Pitr collector can't handle transactions split over multiple binlogs #2286

@wonko

Description

@wonko

Report

(Operator: 1.18.0, PXC @@Version: 8.0.42-33.1, Logcollector image: percona/percona-xtrabackup:8.0.35-33.1 with init image percona/percona-xtradb-cluster-operator:1.18.0.)

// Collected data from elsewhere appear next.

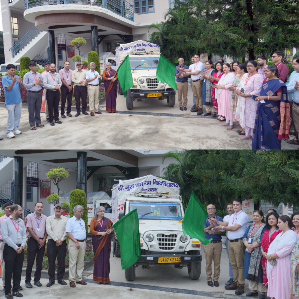 सोमवार को एसजीआरआर विश्वविद्यालय की कुलपति व कुलसचिव ने हरी झण्डी दिखाकर वाहनों को रवाना किया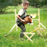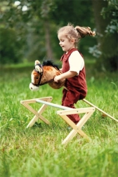 Plyšový koník na tyči Nico je ideálny spoločník pre malých jazdcov. Jemná plyšová hlava s uzdou a oťažami láka k fantazijným hrám, zatiaľ čo drevená tyč so stabilnými madlami a kolieskami zaisťuje pohodlný a plynulý pohyb po podlahe aj vonku. Deti si užijú autentickejší zážitok vďaka zvukovému efektu – po stlačení uší sa koník radostne rozerdže.
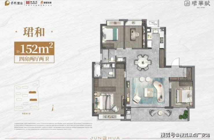 :152㎡、156㎡、190㎡、222㎡(均为四房以上设计,主卧套房化)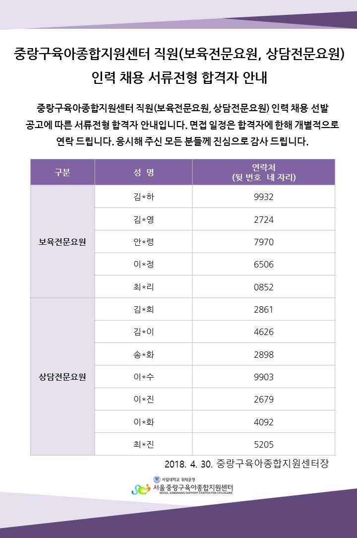2018-04-30 13783 2018³â Áß¶û±¸À°¾ÆÁ¾ÇÕÁö¿ø¼¾ÅÍ Á÷¿ø(º¸À°Àü¹®¿ä¿ø, »ó´ãÀü¹®¿ä¿ø) ¼·ù ÇÕ°ÝÀÚ ¾È³» ÀÌÀü±Û »óºÀŰ¿ò °øµ¿À°¾Æ¹æ °³¼Ò ¾È³» ´ÙÀ½±Û Æò°¡Á¦ °á°ú¹ßÇ¥(11¿ù) ¸ñ·Ï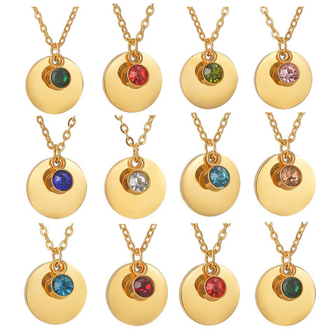 Ximai Custom Birthstone collana a disco per le donne in acciaio inox con cristallo colorato, gioielli regalo di compleanno alla moda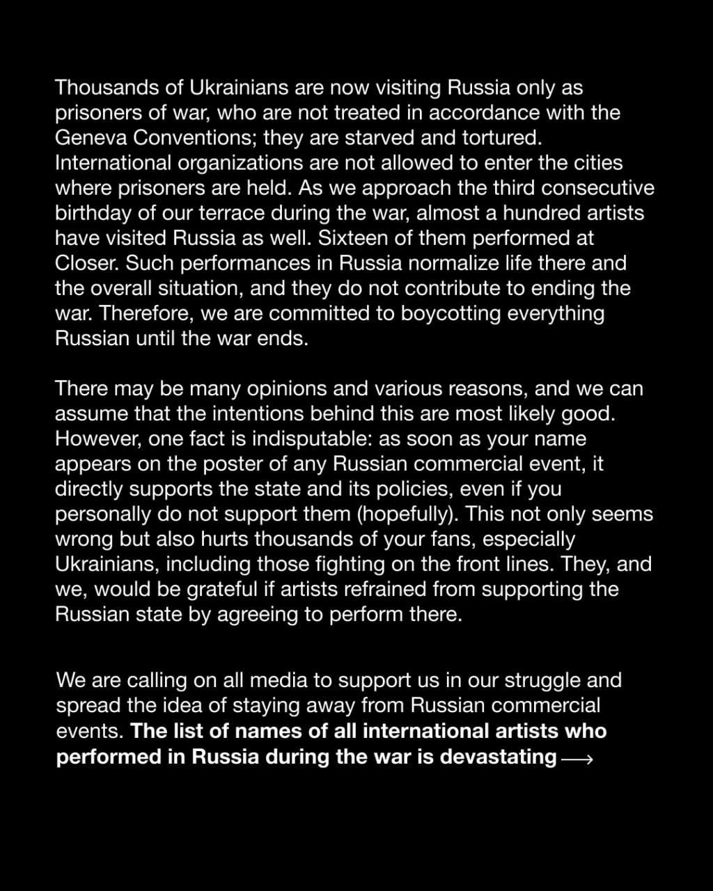 Ми закликаємо всі медіа підтримати нас у нашій боротьбі та поширити ідею триматися подалі від російських комерційних заходів. Список імен усіх міжнародних артистів, які виступали в росії під час війни, — катастрофічний».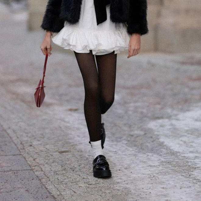 Fun if worn with white socks to match with a pair of jeans, or with a trench coat and skirt.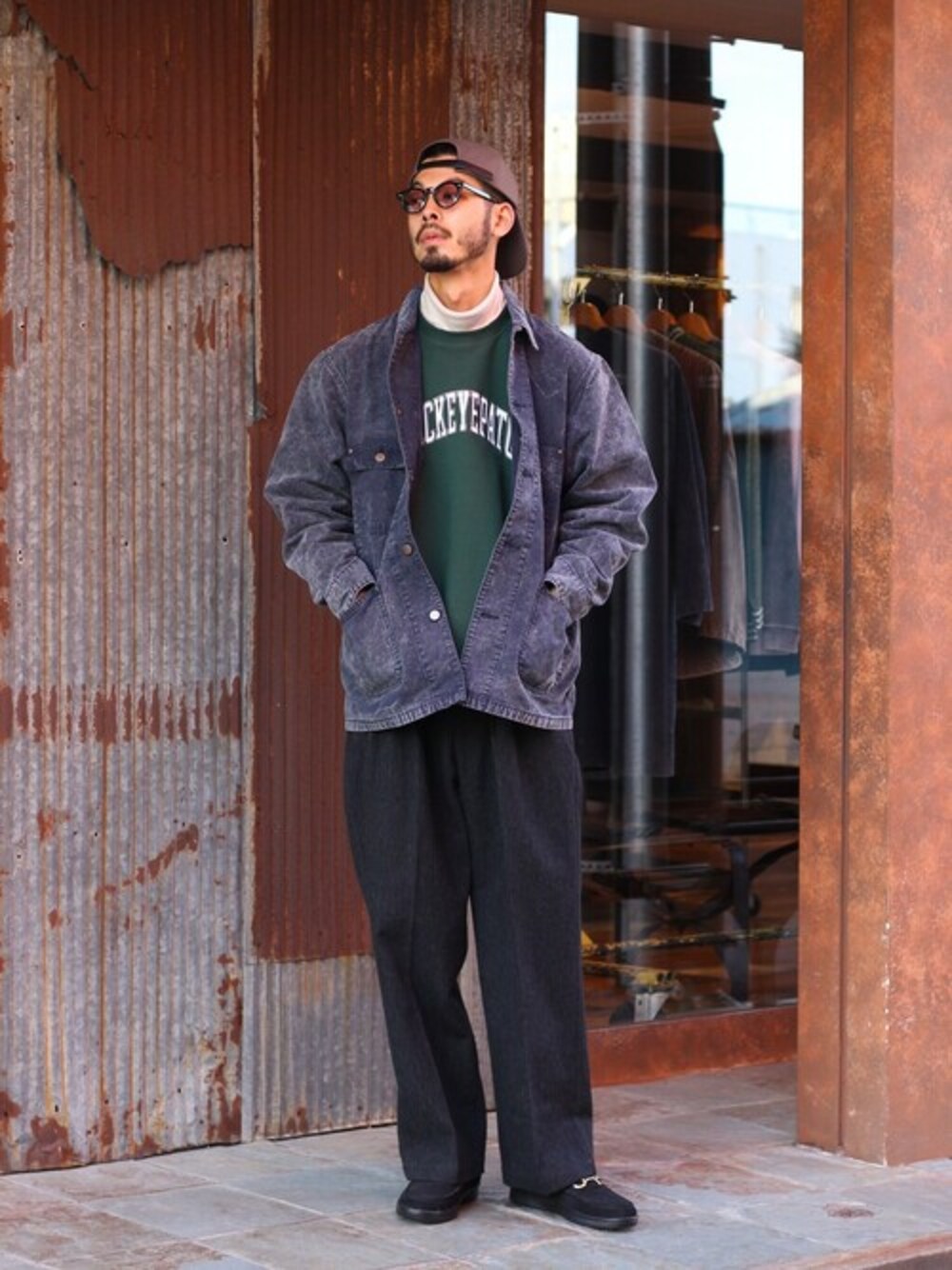 BlackEyePatch〈ブラックアイパッチ〉の別注スウェットを使用したコーディネートを組みました。インナーに着用しているのはmarka〈マーカ〉のハイネック。肌ざわりが良いのでカットソーとしても大抜擢です。アウターにはMASSES 〈マシス〉のカバーオールでインナーのスウェットとの相性も意識しました。パンツにはPORTBYARK〈ポートバイアーク〉のワイドトラウザーで少しBlackEyePatch〈ブラックアイパッチ〉の雰囲気を作り出し、小物を用いてストリートスタイルにしてみました。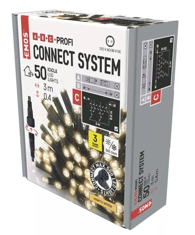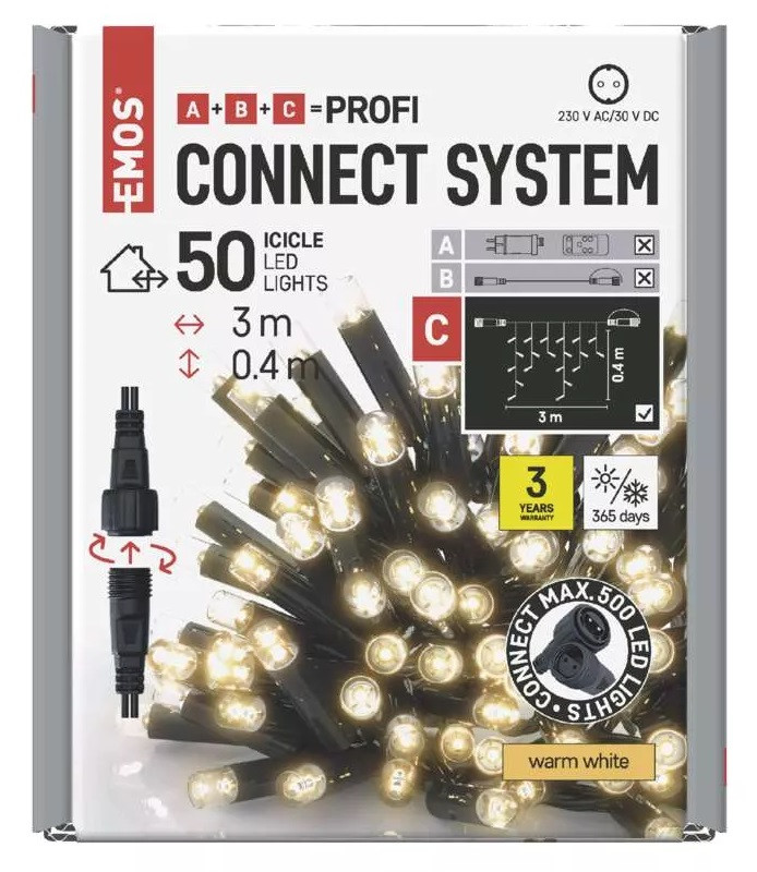 - Řetěz spojovací Profi 50 LED – rampouchy, 3 m, vnější, teplá bílá (D2CW01)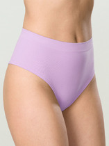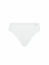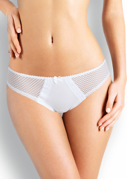 Бразилиано. Комбинированная модель: перед - однотонное хлопковое полотно, спинка и отрезной бочок - кружево. По талии - резинка с фестоном. В центре на детали переда расположен небольшой атласный бант. Декорированы симметричными элементами из кружевной тесьмы,расположенными по линии реза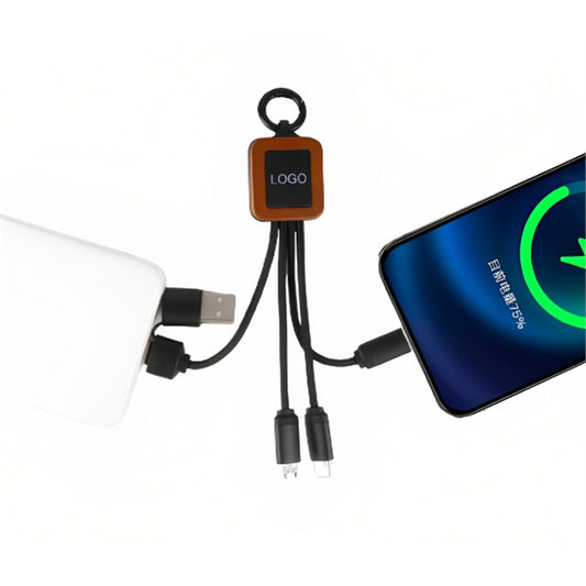4 in 1 Logo Light-up Braided & Bamboo Cable with Keychain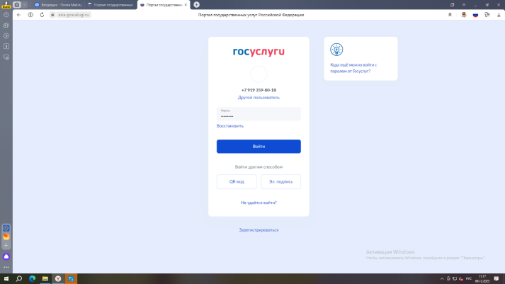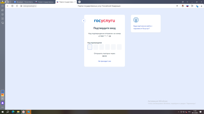 3. Заходим в личный кабинет с указанием логина и пароля, ждем подтверждения в виде СМС на номер телефона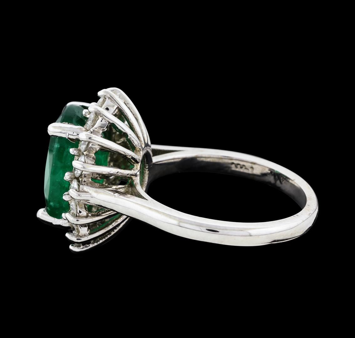 One electronically tested 14KT white gold lady's cast fashion ring with a basket halo with a bright polish finish. The featured lady's ring has a shank measuring 2.08 millimeters wide. Identified with markings of '14K'. Condition is new, good workmanship. Containing: One prong set oval modified mixed cut natural emerald, measuring 12.58 x 9.74 x 5.86mm, (depth est.) 15%. bulge factor, approximate weight of 4.93ct., clarity is heavily included, medium, moderately strong, green color, (GIA G 5/4), cut is good. Transmitting light somewhat diffusely, semi-transparent to translucent. Naturally occurring internal & external characteristics are present. Indications of oil residue. Colored gemstones are presumed to have been subjected to commonly used enhancement processes. Graded in the setting. Sixteen prong set round brilliant cut diamonds, measuring 2.40 - 2.30 x 1.46mm (depth est.) approximate total weight of 16 Stones = 0.80ct. Graded in the setting. Clarity SI-1 to I-1. Color: G - H Cut Good. Total Weight of Colored Stones 4.93ct.. Total Weight of Diamonds 0.80ct.. Total Weight of Ring 6.40gm. GAS Appraised at $7,935.00.

When the set from the last uploaded binlog spans two binlogs on another host, the log collector assumes there's a gap.

More about the problem

Consider the log snippet below, taken from a live cluster (I filtered out the lines about the cache, can re-insert them). First of all, the log has three runs, each of them taking the binlogs from different nodes (first node 2, then 1, then 0 - no idea why, but hey 🤷 ). I've added some newlines to make it clearer.

First run goes well, and the second run as well. The second detects correctly that the previous uploaded last set is matching one of the binlogs on this node. So far, so good, and we uploaded the following set as last set: 146109a7-04bf-11f0-a88e-d3a485b81481:6093289-6093543.

It's the third run that goes wrong. Looking carefully, you'll see that the start-entry (6093289) is in binlog.083868 (having ids 6093268-6093330) and the end-marker is in binlog.083869 (having 6093331-6093585). So, the data is actually there, but it is split across two binlogs on this machine.

This case isn't handled, and the result is a) gap detected, b) everything is uploaded.

I believe the logic is flawed, there should only be a search for the binlog which contains the last uploaded transaction.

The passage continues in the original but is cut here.